The calculated root to shoot ratio (R–S), which is an indicator of resource use optimization [20], was affected by an interaction between CCs and irrigation level (p = 0.01, Table 2). Similar trends were observed for sunn hemp irrigated at 50, 75, or 100% ET in repetitions 1 and 2. Sunn hemp had on average a 52, 188, and 207% greater R–S, respectively, compared to the other two CCs. Conversely, when CCs were irrigated at the 25% ET irrigation treatment, buckwheat exhibited on average 118 and 28% greater R–S than sunflower and sunn hemp, respectively. R–S values were on average 33 times greater in repetition 1 compared with repetition 2, indicating that plants growing in repetition 1 (2022) allocated more carbon to belowground than aboveground biomass.

3.5. Water Dynamics

Crop establishment was characterized by application of similar irrigation volume to all treatments. This period lasted 13 and 35 days in 2022 and 2023, respectively (Figure 5). Following this period, irrigation treatments were initiated. The volume of irrigation increased in the order of 25 < 50 < 75 < 100% ET treatments. In repetition 1 (2022), the corresponding average irrigation for 25, 50, 75, and 100% ET treatments was 0.5, 1.5, 26.9, and 57.3 mm, across all CC and soil type treatments. In repetition 2 (2023), the corresponding average irrigation for 25, 50, 75, and 100% ET treatments was 1, 23, 145, and 223 mm across all CC and soil type treatments. Neither 25 or 50% ET irrigation treatments appeared to suffice any of these CC water demands.

4. Discussion

The present study investigated the above and belowground growth dynamics of three summer cover crops (CCs): buckwheat, sunflower, and sunn hemp cultivated on two representative soils of the Texas citrus region without the addition of mineral fertilizers, and irrigated with one of the following levels: 25, 50, 75, and 100% evapotranspiration (ET) based on the soil field capacity (g g−1) replenishment of periodic water losses. One objective of this research was to determine the fitness of these summer CCs to the harsh environmental conditions common in southern Texas. Furthermore, CC above and belowground biomass production with minimum management must be adequate to elicit positive results on soil indicators of health (e.g., organic matter) and the potential incorporation to current citrus production systems in subtropical regions [7,21]. Sunn hemp and sunflower produced the highest aboveground biomass, which responded positively to increments in water (i.e., irrigation) availability. All CC species were able to establish in both soil types, but only sunflower and sunn hemp grew to an average of 116 DAPs without fertilization.

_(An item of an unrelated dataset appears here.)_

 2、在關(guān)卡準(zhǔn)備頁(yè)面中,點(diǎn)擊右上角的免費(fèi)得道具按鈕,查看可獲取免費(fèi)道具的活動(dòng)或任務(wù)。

Sunn hemp’s ability to survive and produce high aboveground biomass under high (>30 °C) air temperature during the growing season was consistent with previous experiments [22]. Sunn hemp’s ability to grow in soils with poor to moderate fertility (Table 1) was primarily due to its strong tap root and robust radicular system. Additionally, the distinctive trait of nitrogen (N) fixation helps to explain its rapid growth compared to the other two CCs [23]. The use of N-fixing species as CCs is an attractive practice to reduce the reliance on mineral fertilizers and nitrous oxides emissions from citriculture [24]. Therefore, there is a need to estimate the N supplying capacity of sunn hemp to the soil on an annual basis. Sunn hemp produced long roots and when irrigated, > 75% ET also produced roots with high surface area and diameter values, which suggest an adequate allocation of resources to support the construction costs of belowground biomass.

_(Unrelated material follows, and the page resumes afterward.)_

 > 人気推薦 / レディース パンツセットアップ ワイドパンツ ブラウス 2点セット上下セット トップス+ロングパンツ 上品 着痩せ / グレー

Previous studies indicated that sunflower has intermediate water use, and is well adapted to many regions of the U.S. [25]. In our study, sunflower was observed to tolerate dry conditions and its phenotypical traits (e.g., height, SPAD, biomass production) were similar to the top-performing sunn hemp. Moreover, sunflower performed satisfactorily in both experimental soils, but providing adequate soil moisture at planting is critical for sunflower germination and establishment. Sunflower invested in root length and surface area construction costs, which may have improved plant performance. Plants’ resource allocation to root construction costs was primarily driven by water availability and not soil type.

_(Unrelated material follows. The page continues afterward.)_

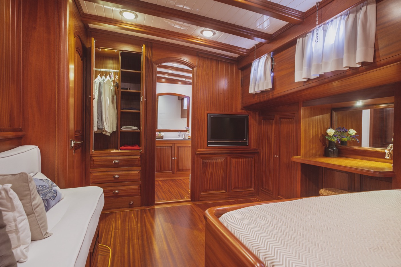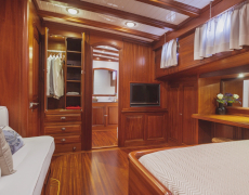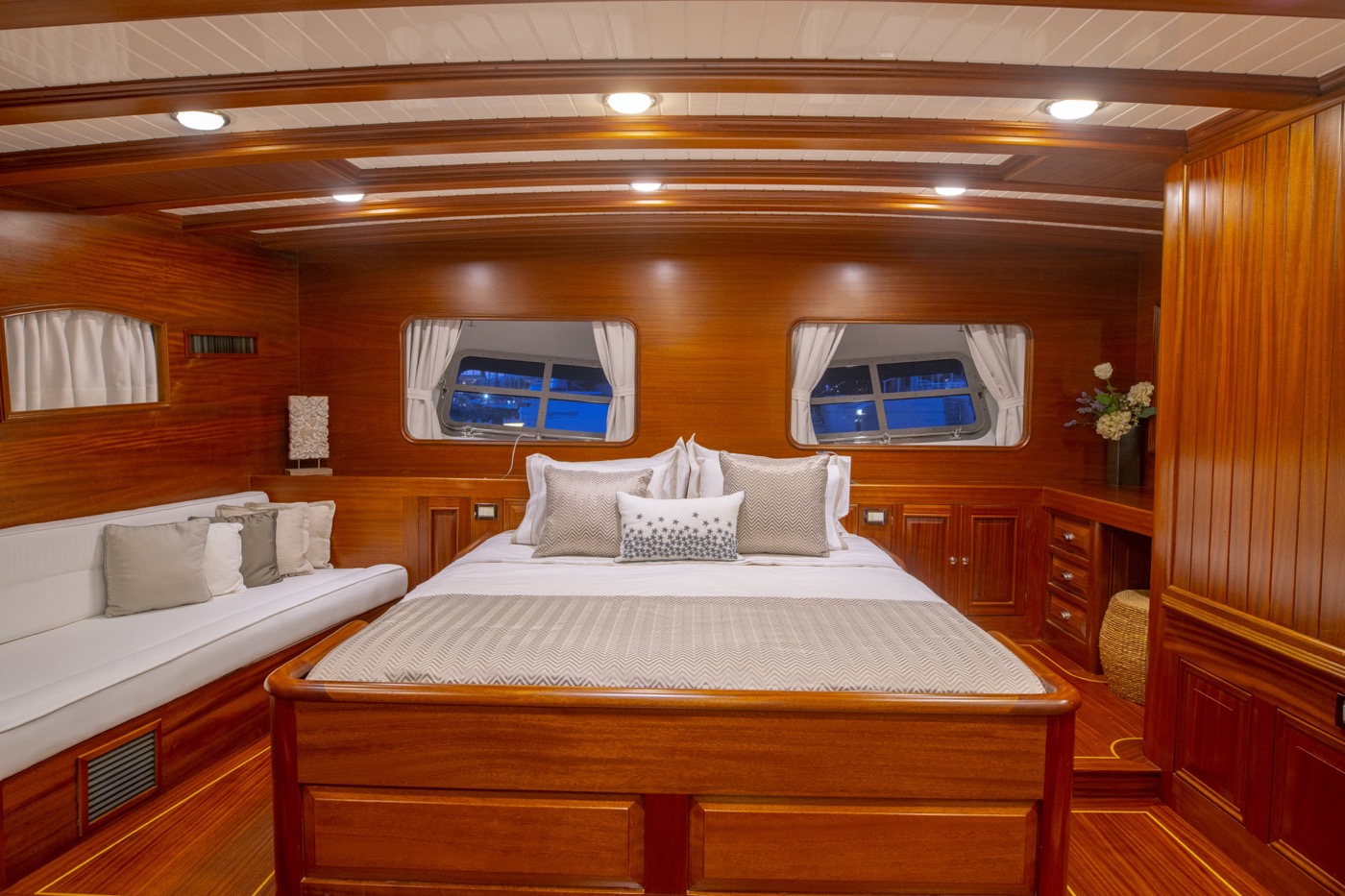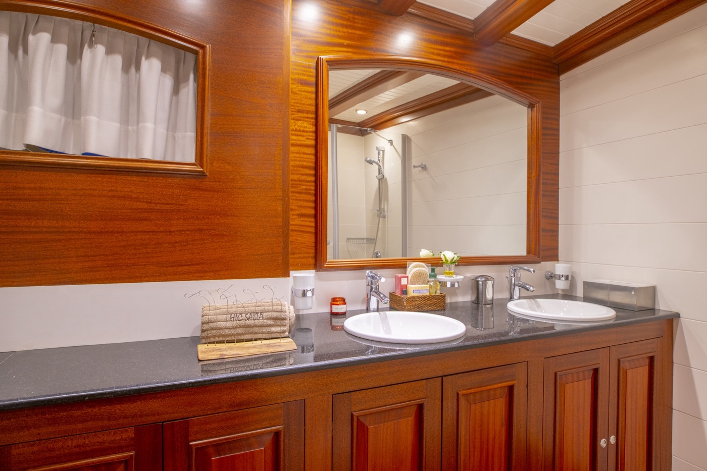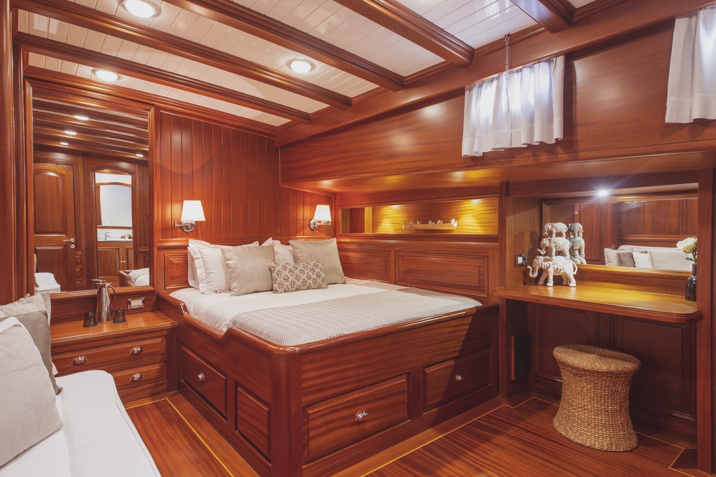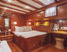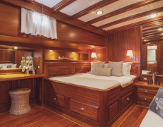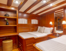 HIC SALTA offers stylish accommodation for up to 10 guests in 3 double and 2 twin ensuite cabins. All cabins are beautifully appointed with paneled mahogany joinery and doors. Each cabin is served by individually controlled air conditioning and heating. The gulet is also capable of carrying up to 7 crew to ensure a relaxed, and very luxurious charter experience.

Buckwheat was the inferior performing cover crop. Aboveground vegetative growth was severely impaired by deficit irrigation treatments (i.e., 25, 50, and 75% ET), and hot (>30 °C) air temperatures prevalent in both repetitions. Our results differ from those reported by Martinez-Goni et al. [26]. They grew buckwheat in controlled conditions of 24.6/21 °C, and RH of 68/77% for day/night periods, respectively, and found that buckwheat was capable of maintaining adequate photosynthetic capacity under the imposed severe drought treatments. Conversely, we observed similar responses of buckwheat to water stress as those reported by Aubert et al. [27]. These authors reported that buckwheat decreased leaf area and gas exchange when irrigated at 20% of soil field capacity in comparison with the control at 45% field capacity. In addition to water stress, we suspect that environmental conditions in our experiments with predominant air temperature > 30 °C and RH exceeding 80% severely impaired buckwheat performance. Hunt et al. [28] reported that buckwheat is well adapted to temperate zones, but also capable of thriving in mild to moderate environments (air temperature = 24.6/21 °C, and RH of 68/77% for day/night periods, respectively) like those imposed in Martinez-Goni et al.’s [26] experiment. Of the three CCs investigated in this research, buckwheat exhibited on average low root length and surface area across all irrigation levels (Table 3) in comparison with the other CCs. This result indicated buckwheat’s low drought tolerance, which comes at the expense of plant growth, and the need for refinement strategies to deploy this cover crop in field settings. Despite these shortcomings, there is scientific interest in further exploring and optimizing buckwheat use as a cover crop in subtropical regions with alkaline soils due to its ability to solubilize calcium-bound phosphorus in the soil, which could facilitate the bioavailability and uptake of this essential nutrient for the concurrently growing cash crop, although buckwheat may not reach full vegetative growth.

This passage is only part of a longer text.